Ask HN: What reading material would you provide to a visiting alien being? - anthonyrubin

This submission is inspired by a quote from my previous submission.<p>Suppose a group of alien beings were to learn our language and randomly selected you as a source of further human knowledge. They send one of their kind to your home and the being informs you that it will be crashing at your place for a few weeks to learn whatever it can.<p>I realize this scenario is rather contrived, but what reading material would you provide to such a being? Remember that this being likely does not have the contextual knowledge that would be required to understand your favorite books.
======
tjic
The Oxford English Dictionary.

It defines every English word they're going to ever come across outside of
technical literature, it's got tons of historical examples, shows the
connections between English and other languages, and more.

If we extrapolate the speed with which Google is learning to harvest latent
information out of data dumps out just 20 or 30 years, I wouldn't be surprised
if aliens smart enough to get here could pull a huge amount of culture and
history out of the OED.

------
anthonyrubin
I would start with world history -- first a book that covers the last few
millennia, then specific books on significant events. Next would be a few of
Karen Armstrong's books on religion; books such as the New Testament might
prove difficult to understand without proper background.
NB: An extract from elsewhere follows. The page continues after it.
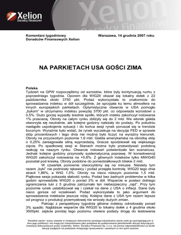Komentarz tygodniowy Doradców Finansowych Xelion Warszawa, 14 grudnia 2007 roku NA PARKIETACH USA GOŚCI ZIMA Polska Tydzień na GPW rozpoczęliśmy od wzrostów, które były kontynuacją ruchu z poprzedniego tygodnia. Oporem dla WIG20 okazał się lokalny dołek z 22 października około 3750 pkt. PodaŜ wykorzystała to znakomicie do sprowadzenia indeksu w dół szczególnie, Ŝe sprzyjała ku temu atmosfera na innych europejskich parkietach. Optymistyczne otwarcie w USA pomogło „bykom” w utrzymaniu indeksu powyŜej 3700 pkt. co odpowiada wzrostowi o 0,5%. DuŜo gorzej wypadły średnie spółki, których indeks zakończył notowania 1% przeceną. Obroty na całym rynku zbliŜyły się do 2 mld. We wtorek giełda otworzyła się neutralnie, ale kolejne godziny naleŜały do podaŜy. Po południu nastąpiło uspokojenie sytuacji i do końca sesji rynek poruszał się w trendzie bocznym. Wyraźnie było widać, Ŝe rynek wyczekuje na decyzje FED w sprawie stóp procentowych i tego dnia nie moŜna było liczyć na wyraźny kierunek. Obroty na przyzwoitym poziomie 1,6 mld. Giełda amerykańska na obniŜkę stóp o 0,25% zareagowała silną wyprzedaŜą. Gracze spodziewali się większego cięcia. Po spadkowej sesji w Stanach moŜna było przewidywać podobną reakcję na naszym rynku. Otwarcie notowań potwierdzało ten scenariusz. Jednak kolejne godziny przynosiły systematyczną poprawę. W konsekwencji WIG20 zakończył notowania na +0,8%. Z głównych indeksów tylko MWIG40 pozostał pod kreską. Obroty podobne do poniedziałkowych bliskie 2 mld. W czwartek ponownie otworzyliśmy się na minusie. Niestety tym razem „byki” nie podniosły rękawicy i podaŜ przejęła kontrolę. WIG20 tego dnia stracił 1,86%, a WIG 1,5%. Obroty na nieco niŜszym poziomie 1,5 mld. Piątkowa sesja pokazała słabość rynku. PodaŜ bez Ŝadnych problemów w kilka godzin sprowadziła WIG20 o ponad 2% w dół. Wsparcie w postaci dolnego ograniczenia luki z 5 grudnia zatrzymało ten niebezpieczny „rajd”. Przy tym poziomie rynek ustabilizował się i czekał na dane z USA o inflacji. Dane były nieco gorsze od oczekiwań. PodaŜ wykorzystała to jako argument do sprowadzenia indeksów jeszcze niŜej. Kolejne dane z USA tym razem lepsze od prognoz o produkcji przemysłowej nie wniosły duŜych zmian. Patrząc z perspektywy tygodnia główne indeksy odnotowały ponad 3% spadki. NajbliŜsze wsparcie dla WIG20 to lokalny dołek z 4 grudnia około 3500pkt. zejście poniŜej tego poziomu otwiera podaŜy drogę do testowania Wszelkie opinie i oceny zawarte w niniejszym dokumencie wyraŜają indywidualne opinie osób go sporządzających w dniu jego publikacji i nie mogą być interpretowane jako podstawa do podejmowania jakichkolwiek decyzji dotyczących inwestycji dokonywanych przez czytelnika. Xelion. Doradcy Finansowi Sp. z o.o. nie ponosi odpowiedzialności za skutki decyzji podjętych na podstawie niniejszego opracowania i zawartych w nim opinii autorów. listopadowego dołka 3430pkt. Opór to 3600 pkt. co odpowiada lokalnym szczytom z końca listopada, powrót powyŜej tego poziomy naleŜałoby odczytywać jak pozytywny sygnał dla posiadaczy długich pozycji. Japonia, Chiny, Indie Początek tygodnia na giełdzie w Tokyo mimo lepszych od prognoz danych dotyczących zamówień przemysłowych zakończył się obniŜeniem indeksu Nikkei 225 o 0.2% w wyniku małych obrotów spowodowanych oczekiwaniem przed wtorkową decyzją rady Fed. Reakcja na obniŜenie stóp przez Fed jak równieŜ wyŜsze dane inflacyjne wraz z zapowiedzią władz monetarnych USA, Kanady, wielkiej Brytanii, Szwajcarii i strefy euro o dodatkowej interwencji słuŜącej zwiększeniu płynności wywołała reakcję negatywną na rynku akcji w Japonii. Indeks Nikkei 225 stracił w środę i w czwartek 3.18%. Z kolei piątkowy raport Banku Centralnego Japonii publikujący dane indeksu Tankan za usługi i przemysł, które wskazały niŜszą wartość od poprzedniej, dodatkowo wpłynęły na obniŜenie indeksu o 0.14%. Ucierpiały przede wszystkim walory banków i z sektora budownictwa. W ujęciu całego tygodnia indeks Nikkei stracił 2.76% zamykając się poziomem 15514pkt. Z kolei na giełdzie w Shanghaiu początek tygodnia był kontynuacją siły popytu z poprzedniego. Indeks Shanghai Composite trakcie pierwszych dwóch sesji wzrósł o 1.64% przekraczając poziom 5175pkt. W trakcie sesji w środę i w czwartek mieliśmy przecenę walorów giełdowych odpowiednio o 1.54% i 2.70%. Na taki obrót sprawy miały wpływ przecena akcji na świecie i gorszy sentyment oraz informacje o inflacji listopadowej, które wzrosły do 6.9% względem roku poprzedniego, co było najwyŜszym wynikiem od jedenastu lat. W trakcie ostatniej sesji indeks wzrósł 1.01% zamykając tygodniowe notowania poziomem 5007pkt. Bezpośrednie inwestycje zagraniczne w ciągu jedenastu miesięcy bieŜącego roku wyniosły ponad 60 mld dolarów co stanowi wzrost o blisko 14% względem roku 2006. Mimo iŜ zauwaŜalny jest spadek ilości nowych zarejestrowanych zagranicznych firm na rynku to dzięki otwarciu szczególnie sektora usługowego i wysokiej technologii było moŜliwe uzyskanie tak dobrego wyniku. Na tle całego tygodnia indeks SCI obniŜył się o 1.59%. Natomiast na giełdzie w Bombaju sesje notowań giełdowych w tym tygodniu charakteryzowały się zmiennością popytu i podaŜy. Pierwsza sesja nie przyniosła wyraźnego sygnału z uwagi na oczekiwanie rynków posiedzeniem Fedu. Wtorkowa i środowa sesja przyniosła wzrost notowań indeksu blue chipów o 2.23%, który po raz pierwszy w historii przekroczył pułap 20000pkt. Umocnienie indyjskiej rupii względem dolara do poziomu 39.3 wskazywało na napływ kapitału i wsparcie dla rynku akcyjnego. Czwartkowe notowania cechowały się sentymentem, który panował w całym regionie Azji po rozczarowaniu, iŜ Fed nie zaskoczył większym cięciem stóp. Stłumiony optymizm inwestorów sprowokował do realiza

The Princeton Companion to Mathematics would probably be a good starting point
for math. I'm not aware of any great texts that provide the same level of
broad introduction to science.

------
christofd
\- The Rise of the Western World: A New Economic History, 1973 (Douglas North,
Robert Thomas): Nobel Economic Historian North explains how institutions and
property rights determine how human beings got along with each other through
history; this is important, so they don't think we're mass murderers by design

\- some school biology book on natural selection, evolution

\- The Princeton Companion to Mathematics

\- Goedel, Escher, Bach: introduction to the "weirdness" of the human brain

\- the little prince (Antoine de Saint-Exupéry): human beings and their quirks

\- Several editions of Popular Mechanics

------
varun
A RSS feed reader, pre-filled with top 1000 feeds covering various topics,
from news to technology to gossip! I'd get the alien to spend the first half
of his time reading these feeds, and the latter half I'd show him Google.com
and ask him to find out what he doesn't even know he could have found out
about! A trip to the urban jungle (Manhattan) and a trip to a natural area,
and the being would be all set! :)

------
icey
Wikipedia.

------
brk
The Bible (any version. Or Qu'ran, or similar epic religious tome).

The 3rd party viewpoint would be very interesting.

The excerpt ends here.